§ **PROBLEM REQUIREMENTS**
Find, in the records below, the line that contains "Right on Appalachian" and the line that contains "Elegant Lace Feathered". Copy those two lines and everything between them exactly, but not the pictures.

§ **TASK MATERIAL**

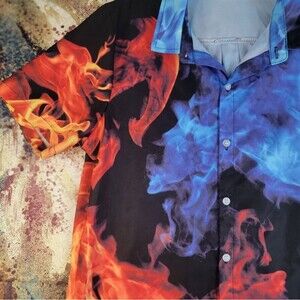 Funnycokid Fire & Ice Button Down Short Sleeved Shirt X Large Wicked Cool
* * *
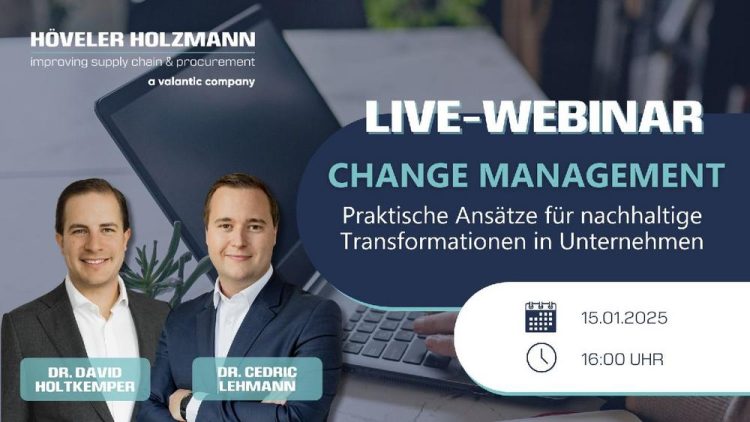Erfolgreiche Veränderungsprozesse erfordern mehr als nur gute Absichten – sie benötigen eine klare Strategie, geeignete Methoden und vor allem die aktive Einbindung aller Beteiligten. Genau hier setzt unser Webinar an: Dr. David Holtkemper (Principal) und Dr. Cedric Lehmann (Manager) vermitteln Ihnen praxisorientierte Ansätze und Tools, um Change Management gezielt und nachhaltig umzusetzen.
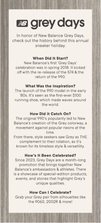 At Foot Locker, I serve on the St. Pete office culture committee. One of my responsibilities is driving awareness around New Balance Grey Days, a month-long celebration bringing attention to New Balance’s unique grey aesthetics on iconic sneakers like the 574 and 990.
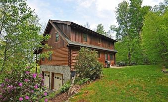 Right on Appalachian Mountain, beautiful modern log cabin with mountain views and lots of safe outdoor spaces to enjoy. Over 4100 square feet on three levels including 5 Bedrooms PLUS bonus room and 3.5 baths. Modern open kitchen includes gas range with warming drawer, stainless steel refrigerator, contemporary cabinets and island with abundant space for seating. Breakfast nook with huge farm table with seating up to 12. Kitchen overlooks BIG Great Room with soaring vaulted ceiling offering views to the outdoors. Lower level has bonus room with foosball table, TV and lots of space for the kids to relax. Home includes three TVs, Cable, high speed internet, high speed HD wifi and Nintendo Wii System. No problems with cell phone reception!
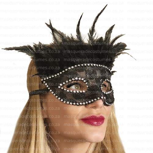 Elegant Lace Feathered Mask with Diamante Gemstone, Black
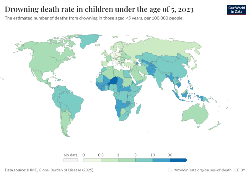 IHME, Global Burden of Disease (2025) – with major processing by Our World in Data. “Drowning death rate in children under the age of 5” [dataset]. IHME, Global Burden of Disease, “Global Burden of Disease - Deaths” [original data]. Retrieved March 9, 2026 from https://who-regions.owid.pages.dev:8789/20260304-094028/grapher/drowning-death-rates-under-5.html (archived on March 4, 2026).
==
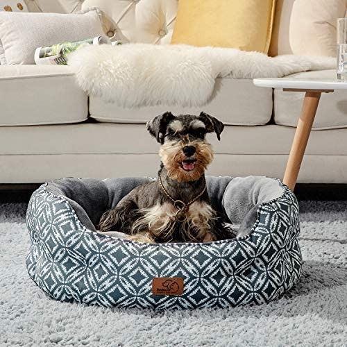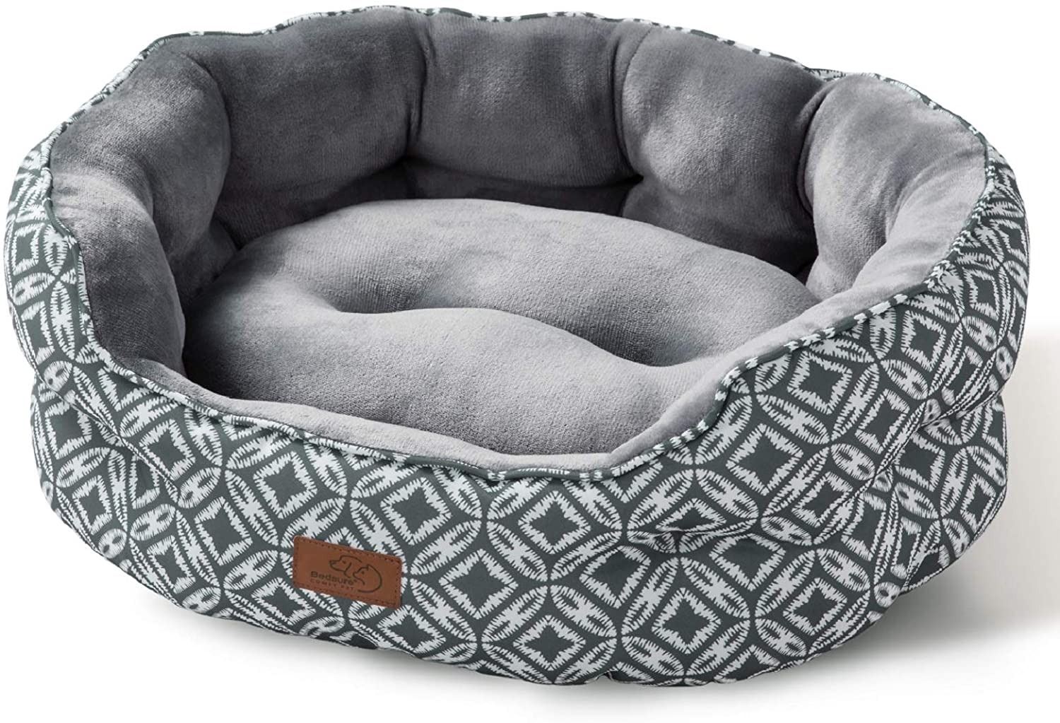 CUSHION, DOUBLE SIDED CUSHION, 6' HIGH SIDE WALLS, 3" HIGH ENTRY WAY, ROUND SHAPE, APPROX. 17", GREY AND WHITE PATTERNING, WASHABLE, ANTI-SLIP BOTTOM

§ **RESPONSE TO THIS EXERCISE**
 Right on Appalachian Mountain, beautiful modern log cabin with mountain views and lots of safe outdoor spaces to enjoy. Over 4100 square feet on three levels including 5 Bedrooms PLUS bonus room and 3.5 baths. Modern open kitchen includes gas range with warming drawer, stainless steel refrigerator, contemporary cabinets and island with abundant space for seating. Breakfast nook with huge farm table with seating up to 12. Kitchen overlooks BIG Great Room with soaring vaulted ceiling offering views to the outdoors. Lower level has bonus room with foosball table, TV and lots of space for the kids to relax. Home includes three TVs, Cable, high speed internet, high speed HD wifi and Nintendo Wii System. No problems with cell phone reception!
 Elegant Lace Feathered Mask with Diamante Gemstone, Black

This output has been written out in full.